• Instructions to follow
Only the lines below from the one containing "CS-33-KIT-3 CS-33-KIT-3 Steel" through the one containing "(서울=포커스뉴스) 29일 오전" belong in the answer, set down exactly, with the pictures left out.

(Records for this exercise begins)

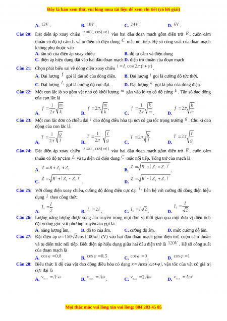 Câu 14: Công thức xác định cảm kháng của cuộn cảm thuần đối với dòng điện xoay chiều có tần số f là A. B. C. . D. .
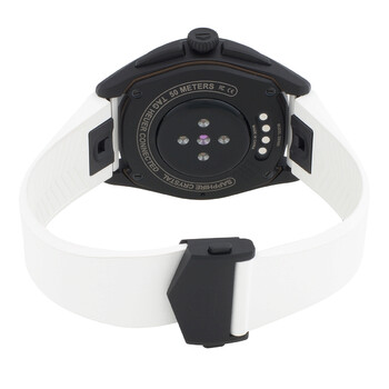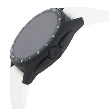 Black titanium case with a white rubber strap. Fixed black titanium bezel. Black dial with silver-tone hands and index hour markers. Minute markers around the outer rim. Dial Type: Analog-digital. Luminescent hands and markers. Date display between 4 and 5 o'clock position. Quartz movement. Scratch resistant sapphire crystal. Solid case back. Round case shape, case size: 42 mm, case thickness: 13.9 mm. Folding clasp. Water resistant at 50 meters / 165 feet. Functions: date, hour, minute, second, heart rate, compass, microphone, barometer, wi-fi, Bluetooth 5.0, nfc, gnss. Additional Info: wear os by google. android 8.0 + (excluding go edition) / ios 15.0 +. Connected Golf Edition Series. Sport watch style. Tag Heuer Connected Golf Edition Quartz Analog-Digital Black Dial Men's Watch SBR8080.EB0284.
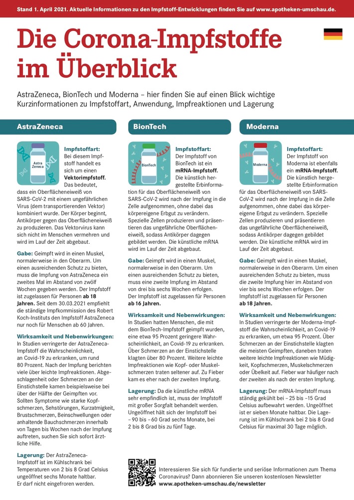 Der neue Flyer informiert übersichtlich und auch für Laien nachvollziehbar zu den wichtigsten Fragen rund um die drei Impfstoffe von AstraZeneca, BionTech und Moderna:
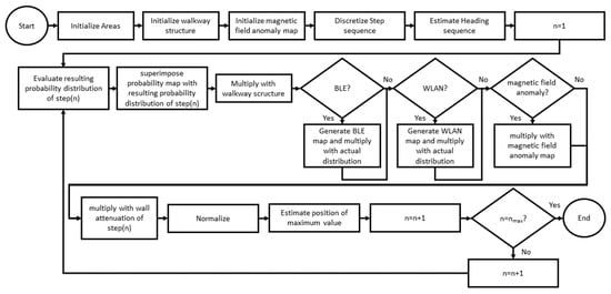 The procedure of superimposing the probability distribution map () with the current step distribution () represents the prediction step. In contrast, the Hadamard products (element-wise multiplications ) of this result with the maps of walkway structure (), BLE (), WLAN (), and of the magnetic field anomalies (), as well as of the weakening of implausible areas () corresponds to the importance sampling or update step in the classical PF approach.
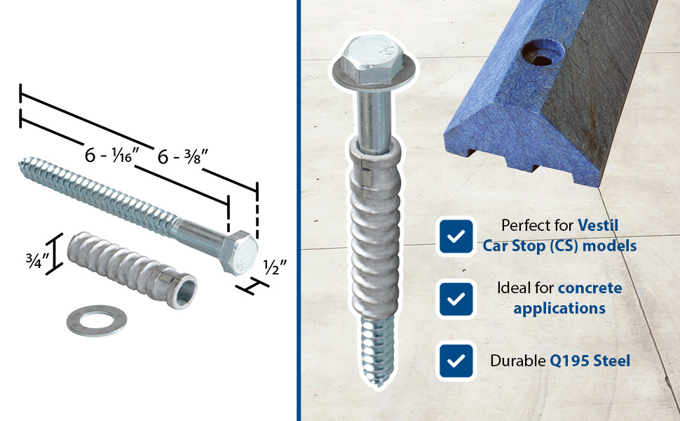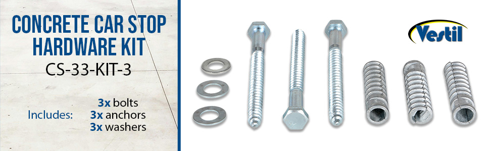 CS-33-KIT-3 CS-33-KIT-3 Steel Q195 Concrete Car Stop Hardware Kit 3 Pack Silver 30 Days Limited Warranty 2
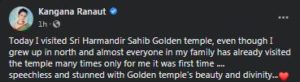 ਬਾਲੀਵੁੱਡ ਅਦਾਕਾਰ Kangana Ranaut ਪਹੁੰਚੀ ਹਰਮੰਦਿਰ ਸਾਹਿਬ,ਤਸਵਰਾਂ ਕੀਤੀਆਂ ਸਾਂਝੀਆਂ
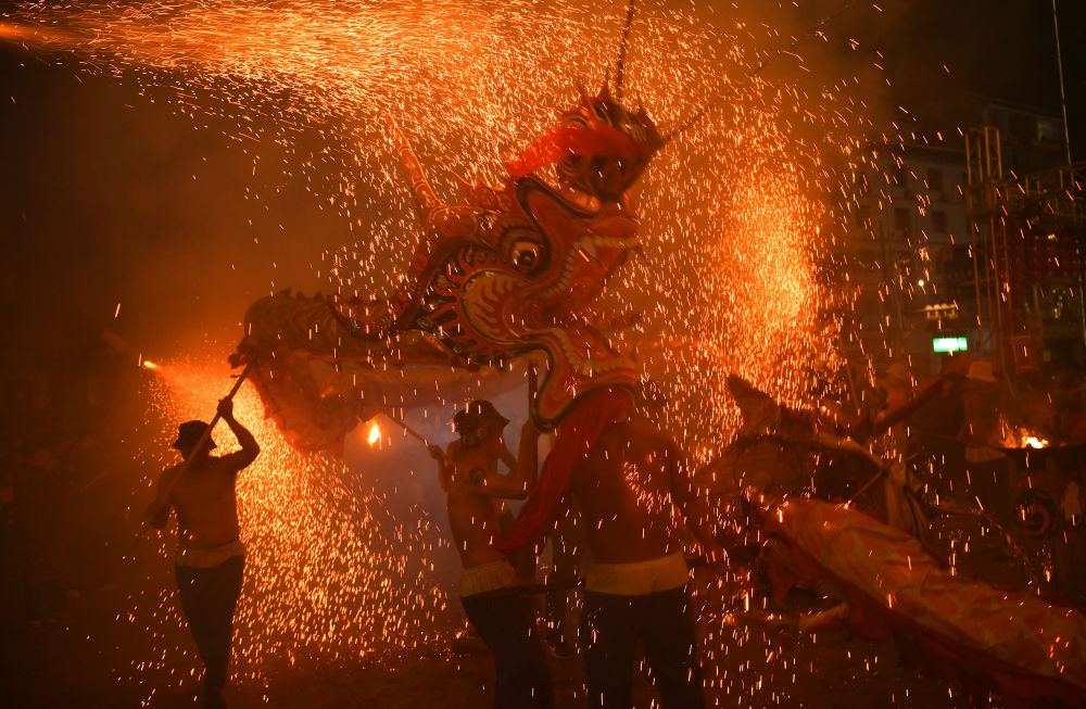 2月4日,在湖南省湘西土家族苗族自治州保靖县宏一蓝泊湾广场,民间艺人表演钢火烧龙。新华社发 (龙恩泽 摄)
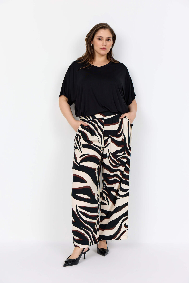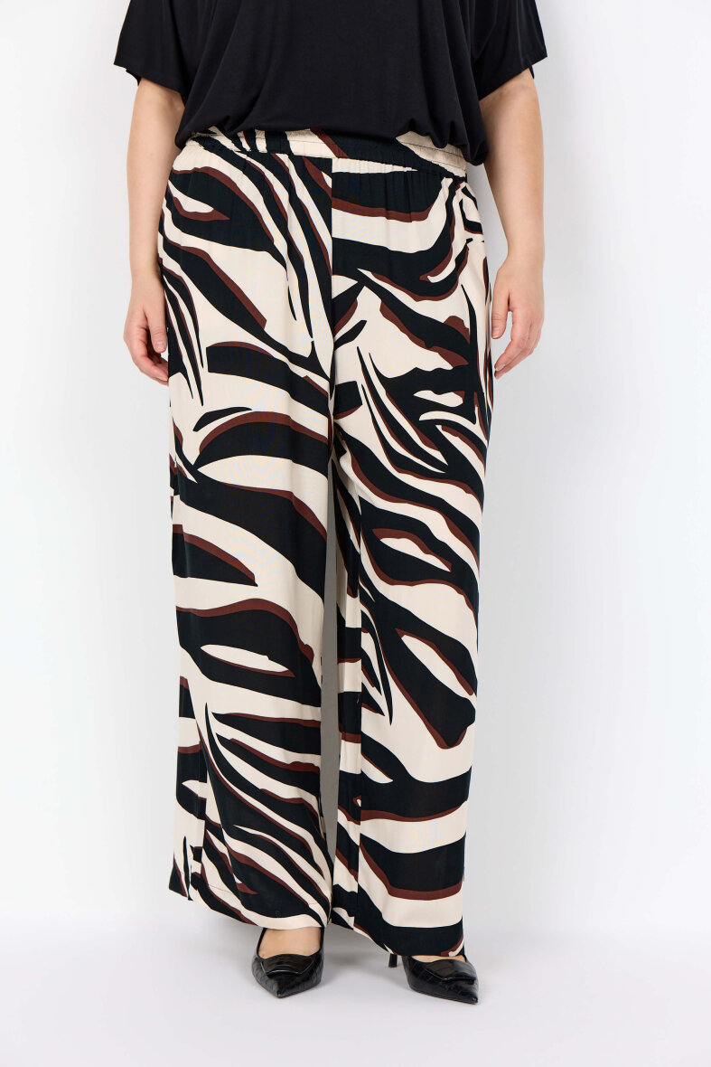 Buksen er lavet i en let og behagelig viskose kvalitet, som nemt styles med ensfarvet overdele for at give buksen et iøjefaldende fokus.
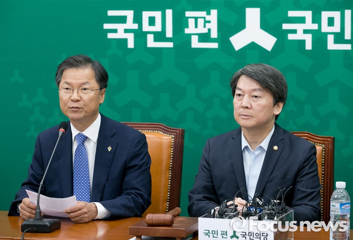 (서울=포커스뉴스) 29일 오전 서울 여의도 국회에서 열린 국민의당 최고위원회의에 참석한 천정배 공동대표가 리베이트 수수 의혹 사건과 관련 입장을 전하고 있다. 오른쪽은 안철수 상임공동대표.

(Records for this exercise ends)
(Records for this exercise begins)

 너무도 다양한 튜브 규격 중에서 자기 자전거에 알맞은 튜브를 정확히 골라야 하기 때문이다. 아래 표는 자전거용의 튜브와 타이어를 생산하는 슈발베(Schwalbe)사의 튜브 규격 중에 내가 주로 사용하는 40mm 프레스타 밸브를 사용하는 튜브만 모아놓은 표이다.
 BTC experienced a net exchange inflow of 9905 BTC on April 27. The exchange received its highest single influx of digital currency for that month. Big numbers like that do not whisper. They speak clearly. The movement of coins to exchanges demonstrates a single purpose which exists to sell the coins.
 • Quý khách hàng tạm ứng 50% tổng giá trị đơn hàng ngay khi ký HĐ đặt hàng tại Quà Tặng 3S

(Records for this exercise ends)
(Records for this exercise begins)

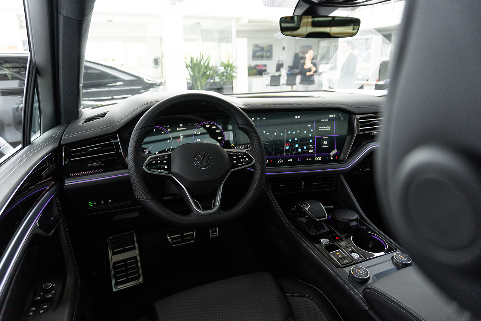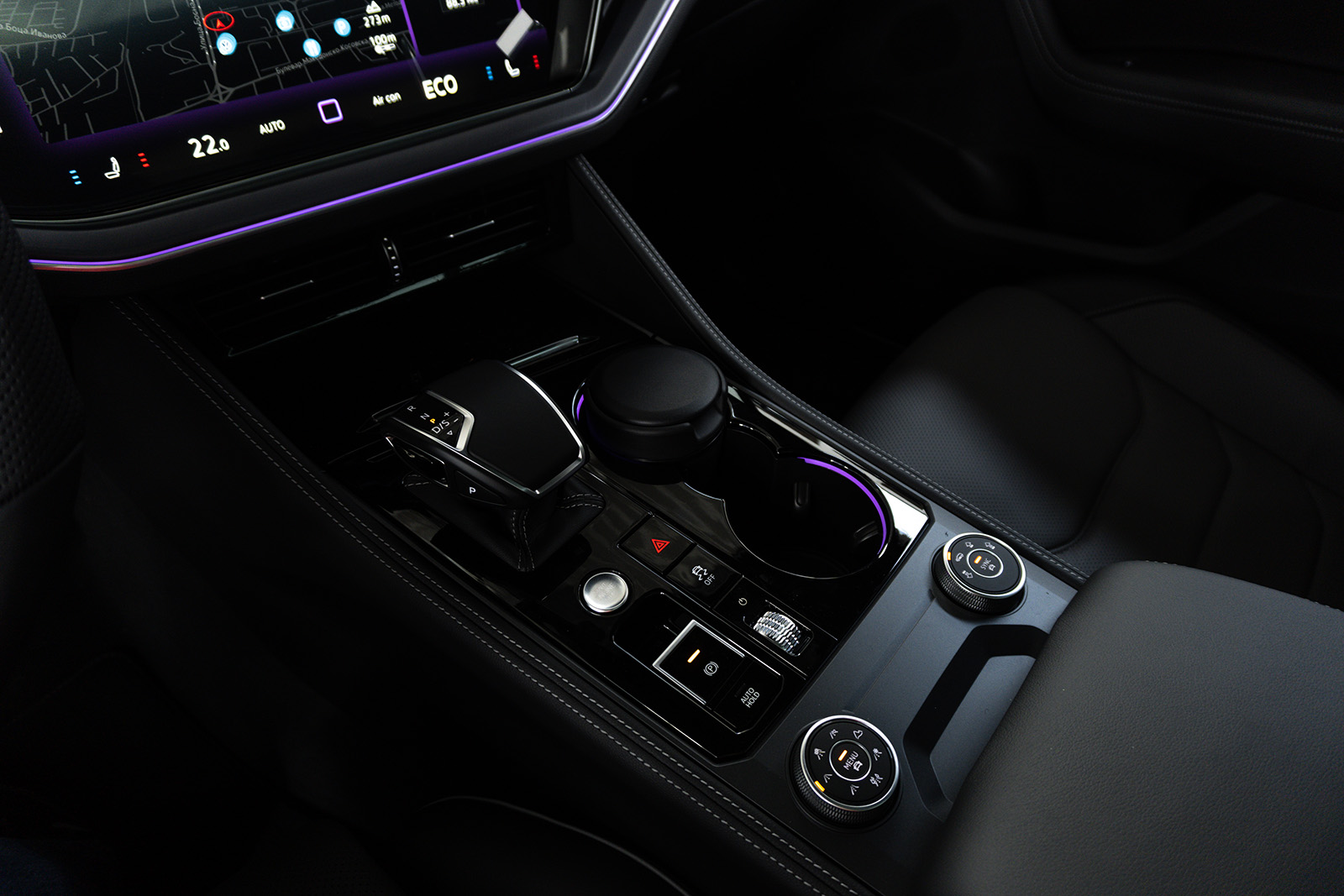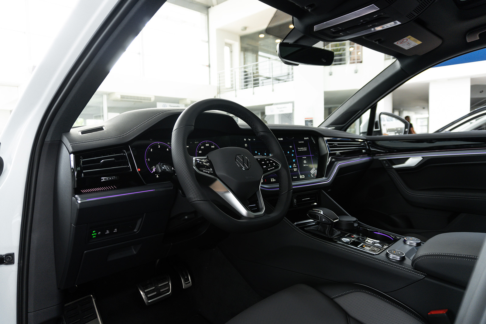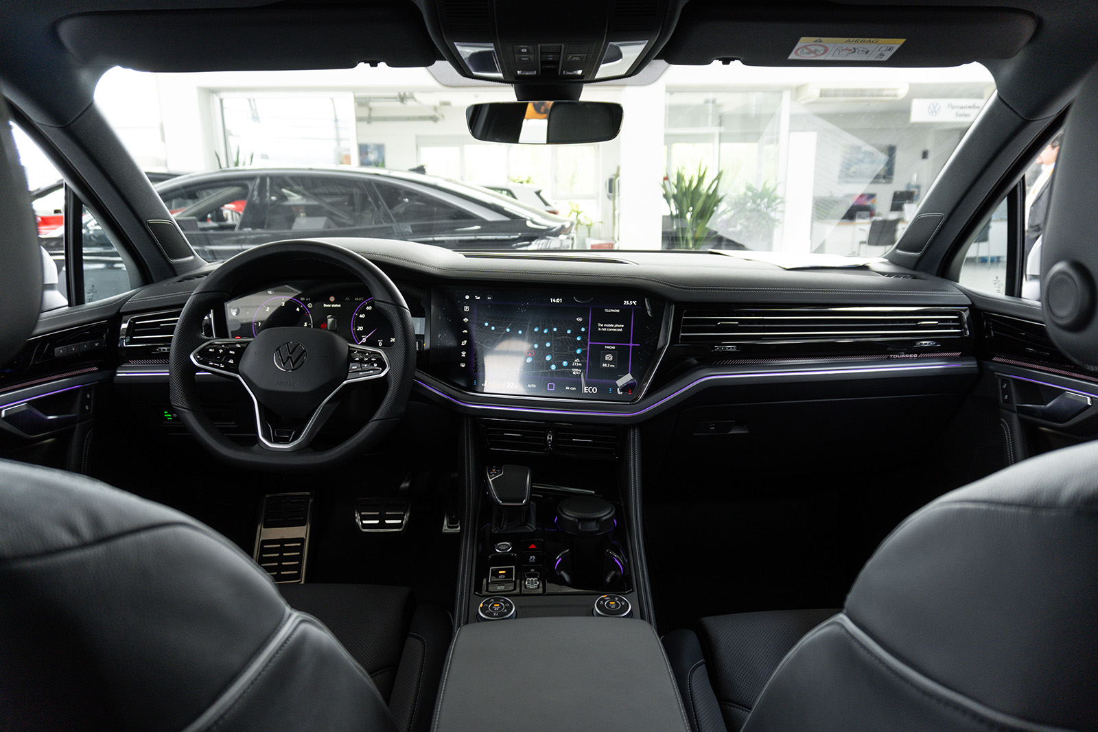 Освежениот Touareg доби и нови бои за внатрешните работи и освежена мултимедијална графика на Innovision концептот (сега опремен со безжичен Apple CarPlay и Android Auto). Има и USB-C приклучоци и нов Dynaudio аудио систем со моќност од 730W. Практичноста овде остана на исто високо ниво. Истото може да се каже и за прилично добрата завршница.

(Records for this exercise ends)

• Answer box
 CS-33-KIT-3 CS-33-KIT-3 Steel Q195 Concrete Car Stop Hardware Kit 3 Pack Silver 30 Days Limited Warranty 2
 ਬਾਲੀਵੁੱਡ ਅਦਾਕਾਰ Kangana Ranaut ਪਹੁੰਚੀ ਹਰਮੰਦਿਰ ਸਾਹਿਬ,ਤਸਵਰਾਂ ਕੀਤੀਆਂ ਸਾਂਝੀਆਂ
 2月4日,在湖南省湘西土家族苗族自治州保靖县宏一蓝泊湾广场,民间艺人表演钢火烧龙。新华社发 (龙恩泽 摄)
 Buksen er lavet i en let og behagelig viskose kvalitet, som nemt styles med ensfarvet overdele for at give buksen et iøjefaldende fokus.
 (서울=포커스뉴스) 29일 오전 서울 여의도 국회에서 열린 국민의당 최고위원회의에 참석한 천정배 공동대표가 리베이트 수수 의혹 사건과 관련 입장을 전하고 있다. 오른쪽은 안철수 상임공동대표.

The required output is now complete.